Re: enable_incremental_sort changes query behavior

From
James Coleman
Date:
On Thu, Oct 1, 2020 at 3:09 AM Jaime Casanova
<jaime.casanova@2ndquadrant.com> wrote:
>
> On Wed, 30 Sep 2020 at 21:21, James Coleman <jtc331@gmail.com> wrote:
> >
> > On Sat, Sep 26, 2020 at 2:49 PM Jaime Casanova
> > <jaime.casanova@2ndquadrant.com> wrote:
> > >
> > > Hi,
> > >
> > > With sqlsmith I found a query that gives this error:
> > > ERROR:  ORDER/GROUP BY expression not found in targetlist
> > >
> [...]
> > >
> > > But if I set enable_incremental_sort to off the query gets executed
> > > without problems (attached the explain produced for that case)
> >
> > Thanks for the report.
> >
>
> Hi,
>
> by experiment I reduced the query to this
>
> --- 0 ---
> select distinct
>         subq_0.c1 as c0,
>         case when (true = pg_catalog.pg_rotate_logfile_old()) then
>                 ref_0.t else ref_0.t
>         end
>              as c4
>         from
>           public.ref_0,
>           lateral (select
>
>                 ref_0.i as c1
>               from
>                 generate_series(1, 100) as ref_1) as subq_0
> --- 0 ---
>
> the only custom table already needed can be created with this commands:
>
> --- 0 ---
> create table ref_0 as select repeat('abcde', (random() * 10)::integer)
> t, random() * 1000 i from generate_series(1, 500000);
> create index on ref_0 (i);
> analyze ref_0 ;
> --- 0 ---
>
>
> > Is there by an chance an index on ref_0.radi_text_temp?
> >
>
> there is an index involved but not on that field, commands above
> create the index in the right column... after that, ANALYZE the table
>
> > And if you set enable_hashagg = off what plan do you get (or error)?
> >
>
> same error

I was able to reproduce the error without incremental sort enabled
(i.e., it happens with a full sort also).
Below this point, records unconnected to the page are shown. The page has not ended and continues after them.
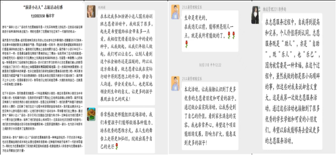 志愿者通过农村留守儿童演讲小达人团队结识了很多不同领域的人士,扩大了自己的人际关系网络,并提高了他们的团队协作和沟通能力,培养了学生的社会责任感和公民意识,志愿者在为农村留守儿童提供服务的过程中,往往也经历了自我成长和认知的提升。这有助于促进他们更为成熟和全面发展。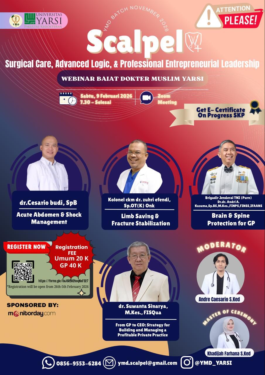 Dalam Rangka Sumpah Dokter, Fakultas Kedokteran Universitas YARSI Dengan Bangga Mempersembahkan Sebuah Webminar Inspiratif Bertajuk: SCALPEL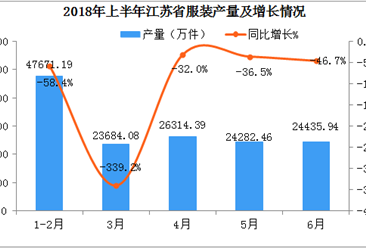 中商情报网讯:据中商产业研究院数据库显示,2018年4-5月江苏省服装产量有小幅度下降,2018年5月江苏省服装产量为24282.5万件,同比下降36.5%。2018年6-7月江苏省服装产量...【详情】

The function call in the
SELECT doesn't have to be in a case expression; for example I was able
to reproduce changing that to `random()::text || ref_0.t`.
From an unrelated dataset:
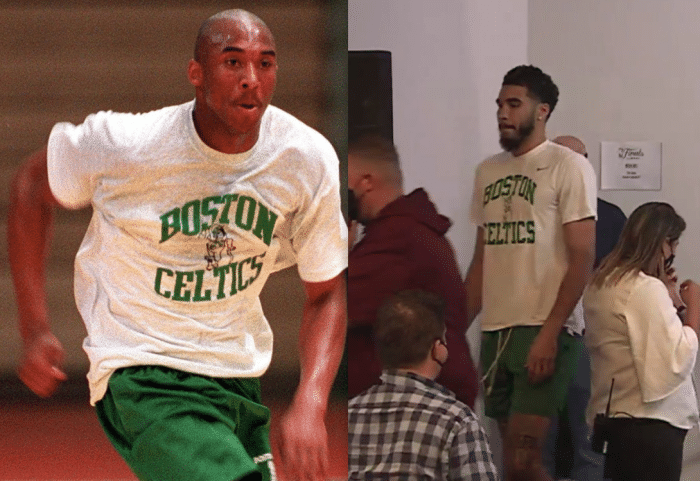 JRS直播06月05日讯 ,凯尔特人备战总决赛G2,塔图姆再次向科比致敬,据绿军随队记者Taylor Snow报道,塔图姆今日塔图姆身穿了一件科比在1996年试训绿军时的同款训练T恤,他用这样的方式向偶像致敬。

It looks like the issue happens when:
1. The sort happens within a parallel node.
2. One of the sort keys is an expression containing a volatile
function call and a column from the lateral join.

Here are the settings I used with your above repro case to show it
with regular sort:

 enable_hashagg=off
 enable_incremental_sort=off
 enable_seqscan=off
 parallel_setup_cost=10
 parallel_tuple_cost=0

The plan (obtained by replacing the volatile function with a stable one):

 Unique
   ->  Nested Loop
         ->  Gather Merge
               Workers Planned: 2
               ->  Sort
                     Sort Key: ref_0.i, (md5(ref_0.t))
                     ->  Parallel Index Scan using ref_0_i_idx on ref_0
         ->  Function Scan on generate_series ref_1

Changing `md5(ref_0.t)` to `random()::text || ref_0.t` causes the error.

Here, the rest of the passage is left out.